The Doctor stepped in before Tally could say too much. “My niece and I,” she said as she pulled Tally closer to her. “Are from another part of the caliphate,” the Doctor explained.

 

“And what brings you to Aswan?”

 

“We’re tourists,” the Doctor said.

 

“Ahh,” the woman said in a knowing voice.

 

“Do you get a lot of tourists,” Yaz asked in a voice that indicated she didn't think tourism had become a popular industry yet in the eleventh century. The Doctor could have told her humans had been traveling since they first looked down and saw their feet, but she waited to hear the woman's answer instead.

 

“Ever since construction started.”

 

“On the pyramids,” Ryan asked.

 

“What?

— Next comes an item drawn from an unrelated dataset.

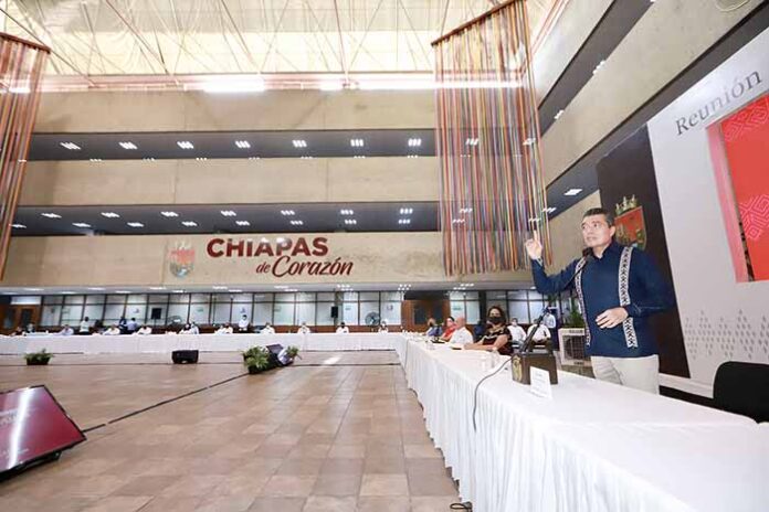 En la reunión con el Gabinete Legal y Ampliado, el gobernador Rutilio Escandón Cadenas reiteró el exhorto a las y los titulares de las distintas dependencias de la administración pública estatal a desempeñarse con dignidad, honestidad y vocación de servicio, para sacar adelante los proyectos y programas a favor del pueblo chiapaneco.

Don't be silly. Look.” The woman pointed downriver, far into the distance. The Doctor squinted to get a better view of what appeared to be a partially constructed dam.

 

The Doctor frowned. “That isn't right.”

 

“You're not the first to say so. There are those that believe it is an obstruction of God's will to divert the water from where he intended it to go, but progress marches on. I say, if God did not intend man to build, why did He give man minds to understand complex mathematics and create great feats of engineering?”

 

“Don't you mean gods,” Ryan asked. “Doesn't Egypt have a bunch of gods, Ra, Osiris, Set and all the rest? I know that wasn't just from the movies,” Ryan insisted.

 

“This is the eleventh century,” the Doctor rushed to explain before the woman could be offended by their heresy. The Doctor had learned the hard way that locals didn't tend to respond well to hearsay. “Egypt is part of the Fatimid Caliphate,” the Doctor said.

 

“So they're Muslims,” Yaz said with a bit of excitement in her voice. “Like me.”

 

“And they look like us!” Tally said while tapping Ryan on the arm. “Awesome!”

 

“History's a whitewash,” the Doctor said, feeling a ping of nostalgia for when she had said those exact words to Bill. “But something is wrong here. That dam shouldn't be there.”

 

Graham sighed. “Let me guess. Aliens?”

 

“I'm not sure… But we should check it out just in case,” the Doctor said.

 

“Should we take Tally back to the TARDIS first,” Yaz asked. “We don't know what we're going to find over there. Better to be safe.”

 

“Naw, I'm fine.” Tally started running in the direction of the dam. The Doctor sprinted after her. “No fair racing! You've got longer legs,” Tally shouted. She didn't sound put out though. There was laughter in her voice.

 

The Doctor scooped the little girl up and felt a vivid flashback slam into her of chasing after Susan in the red grass of Gallifrey when she had been a younger man and looked much older. She put the girl on her back and ran along the banks of the Nile, thinking about how this was all that she had wanted all those centuries ago, to see the distant wonders of the universe and share them with a young bright mind. Everything had gone so wrong, over and over again. Yet here she was in the sun, by the water, as though it never had. For just a moment, she could pretend, and lose herself in the fantasy.